Aber eigentlich wollen wir das nicht. Lüge kann doch nicht zum System werden. Ich will doch nicht ständig in der Haltung leben, dass man keinem Menschen mehr glauben und selbst nur noch durch Falschheit erfolgreich sein kann. Das entspricht nicht unserem Menschsein.

 

Die Szenerie des heutigen Festtages sieht den Erzengel Michael im Kampf mit dem Drachen, dem die Offenbarung entlarvende Namen gibt: „alte Schlange, Teufel oder Satan.“ Immer weisen sie auf Verschleierung, Versuchung und Spaltung hin. Jesus selbst spricht davon, dass es einen Lügner von Anbeginn gibt (Joh 8,44). Ihm stellt sich jetzt der Engel in den Weg, der in seinem Namen eine anspruchsvolle Frage trägt: „Wer ist wie Gott?“ Zu Recht wird dieser Name „Michael“ interpretiert als Warnung, sich nicht an Gottes Stelle zu setzen, aber vielleicht ist er auch ein Anspruch: Wer wird seiner Würde als Abbild Gottes gerecht und steht ein für das, was das Wesen Gottes ist: die Wahrheit.

In Nathanael scheint Jesus einen solchen Menschen gefunden zu haben, denn er beschreibt ihn als „Mensch ohne Falschheit“. Wahrscheinlich wird er nicht so schrullig wie der Straßenkehrer Beppo darauf achten, nichts Unbedachtes zu sagen, aber offensichtlich erkennt Jesus in ihm einen Menschen, der sich um Aufrichtigkeit vor Gott und den Menschen bemüht.

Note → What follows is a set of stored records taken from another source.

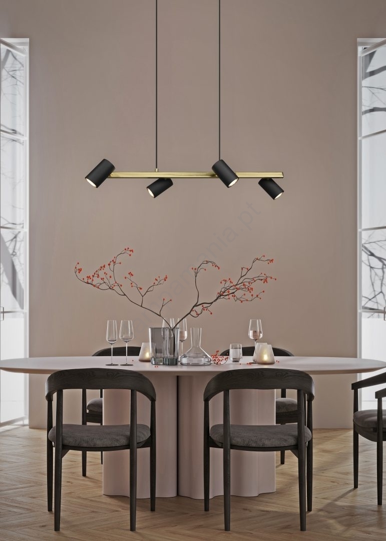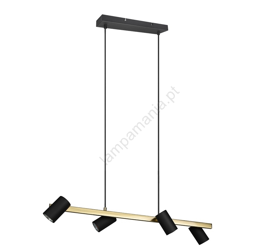Trio - Lustre suspenso em cabo MARLEY 4xGU10/35W/230V preto/dourado caracteriza-se por um design agradável e funcional.  Uma lâmpada com casquilho GU10 é adequada para a iluminação Aqui, pode comprar outras lâmpadas a preços vantajosos. Terá um complemento interessante para a sua casa.
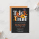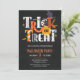 O design bonito apresenta uma ilustração de truque ou trapaça de aranha branca, monstro, chapéu de bruxa, morcego e rede. Personalize com seus detalhes de festa de aniversário de Halloween em letras laranja e brancas em fundo de quadro.
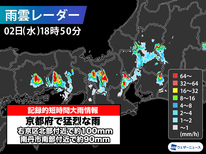 京都府で1時間に約100mmの猛烈な雨 記録的短時間大雨情報
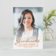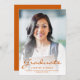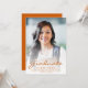 Anúncio de graduação moderno com uma foto vertical personalizada. A palavra "Formando" aparece na escrita laranja queimada, com o nome do formando, a escola e o ano de graduação abaixo na fonte sans serif. Substitua facilmente a imagem de amostra pela foto do seu próprio formando. Uma tela de gradiente branco ajuda a garantir os pop de texto. Adicione detalhes sobre as realizações de seu formando e planos futuros no verso em texto branco sobre um fundo laranja queimado sólido. Ideal para segundo grau ou formandos.
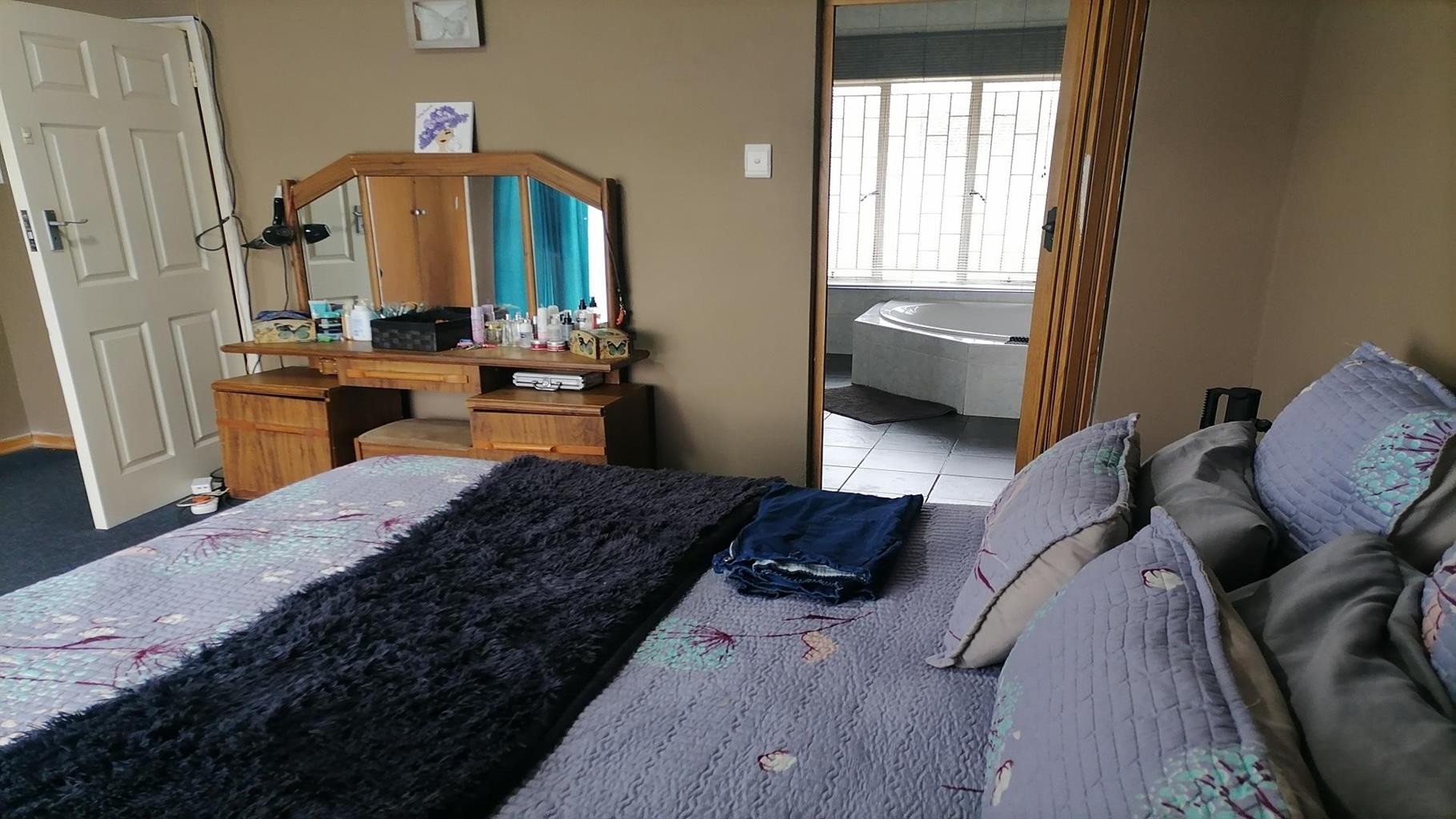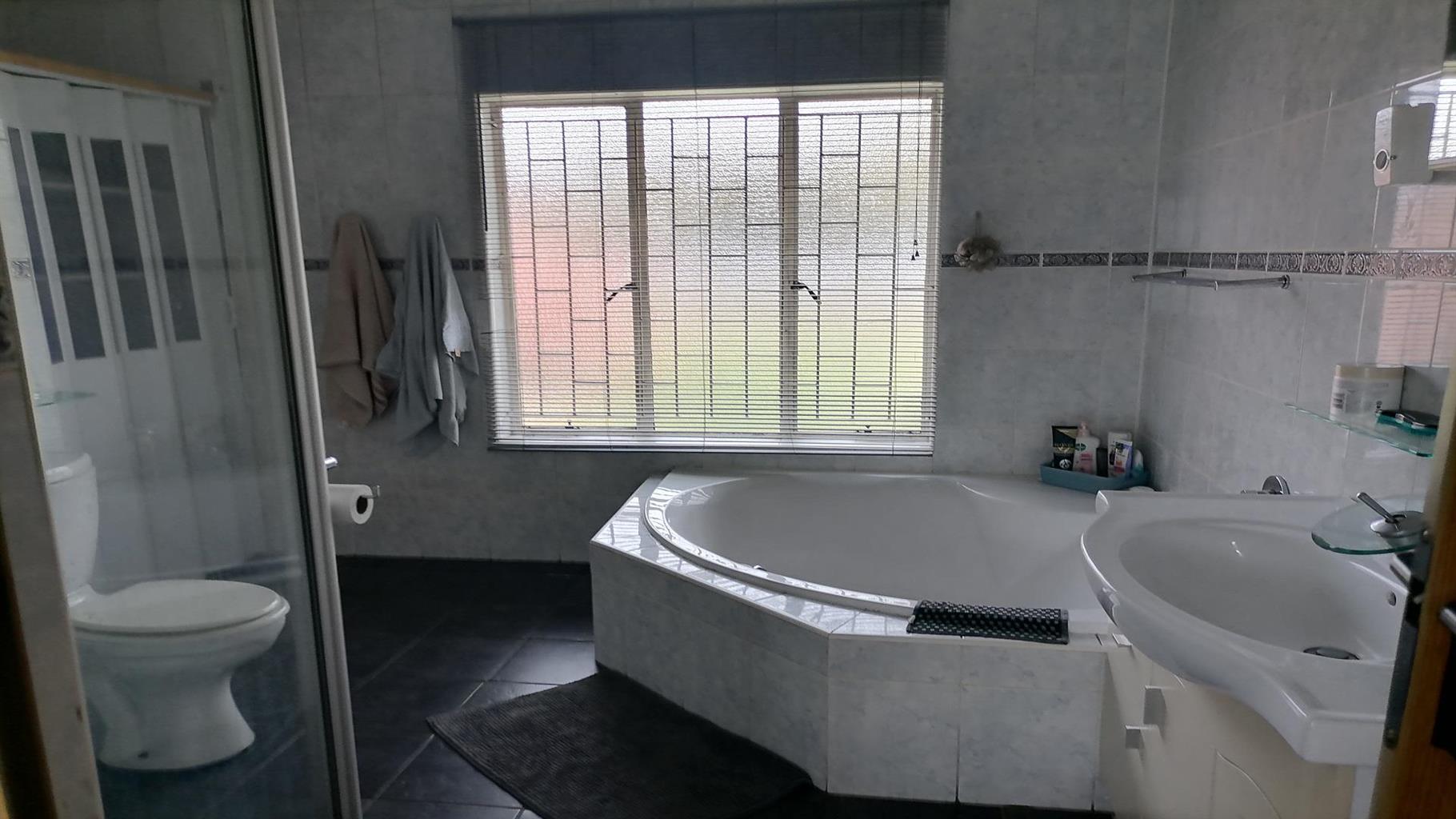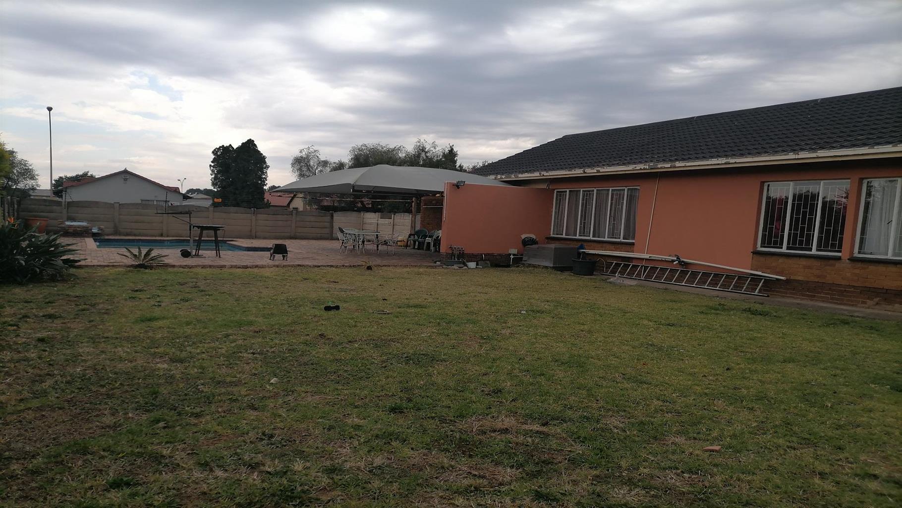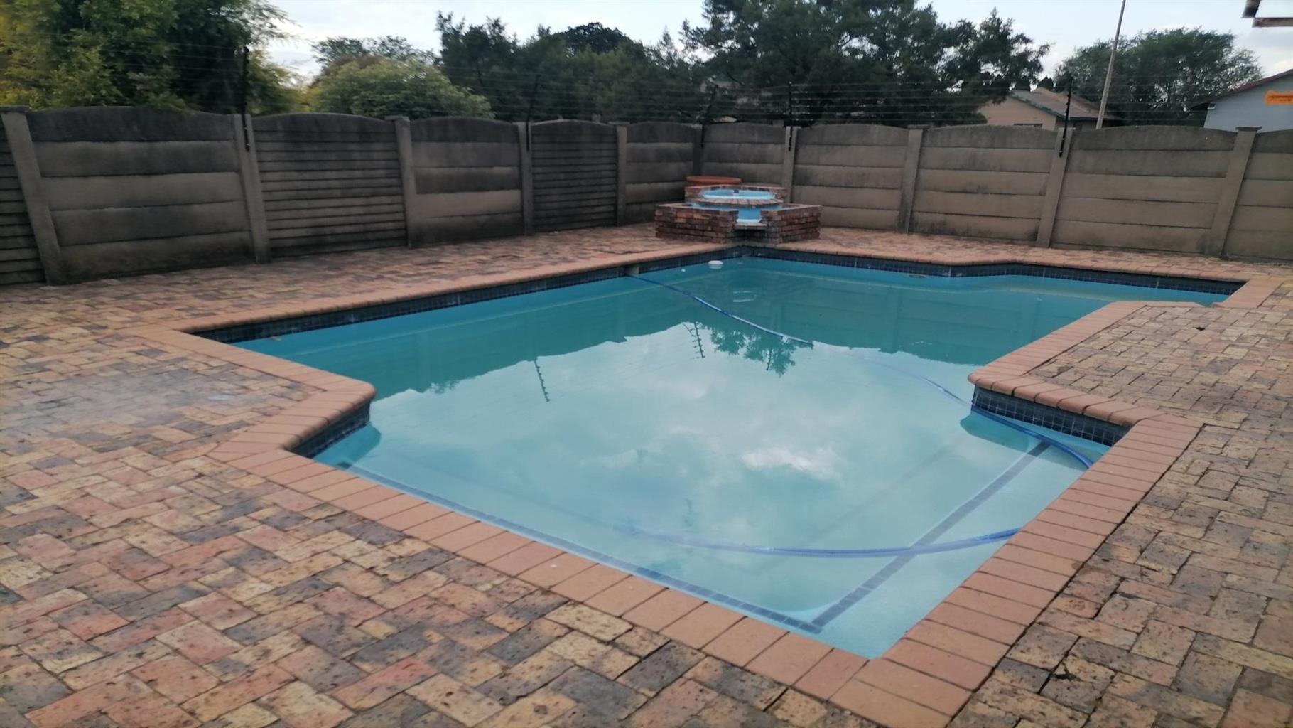 This home welcomes you with a nice spacious open plan lounge/dining room and TV room. A private covered braai area next to the swimming pool to relax for the whole family in the hot summer days. Nice kitchen with build in cupboards and an extra room for overnight guests with a scullery and quest toilet. There is a burglar gate that covers the 3 bedrooms. The main bedroom has an en suite bathroom with a nice big bath, shower, toilet and a build in cupboard for extra storage. Solar geyser and garages for 2 cars. It is close to schools, shopping centers and churches. Electric gate for eTasy life and secure fencing with Vosbeton and electric fencing. The whole house is covered with burglar bars for the safety of the family.

Pater Anselm Grün hat die Berufung des Nathanael einmal auf unser Christsein übertragen und formuliert: „Nathanael ist ein Symbol für jeden Christen. Wir können uns Jesus nicht nähern, ohne durchschaut, ohne mit unserer eigenen Wahrheit konfrontiert zu werden.“ (A. Grün, Jesus – Wege zum Leben; Freiburg 2015, 476). Jesus ist die Wahrheit in Person und hat uns vorgelebt, dass ein Leben ohne Täuschung und Lüge gelingt. In seiner Nachfolge haben diesen Weg viele Menschen eingeschlagen, Edith Stein, Dietrich Bonhoeffer, Dag Hammerskjöd u.v.a. Sie haben es gewagt, in einer Welt, die von vielen als „verlogen“ angesehen wird, das wahre Leben zu verwirklichen und Gott, den Menschen und sich treu zu bleiben. Wer Gott in die Tiefe seines Herzens schauen lässt und so sich selbst öffnet, wird sich selbst gewahr, wie er leben will und was wirklich zählt. Ihnen gilt die Seligpreisung Jesu „Selig sind die, die reinen Herzens sind, sie werden Gott schauen“ (Mt 5,8).

Ein Mensch ohne Falschheit zu sein, bedeutet nicht, perfekt zu sein, aber sich immer wieder zu fragen, wofür ich leben will, und sich bewusst zu machen, dass ich nur Ehrlichkeit erwarten kann, wenn ich selbst ehrlich bin.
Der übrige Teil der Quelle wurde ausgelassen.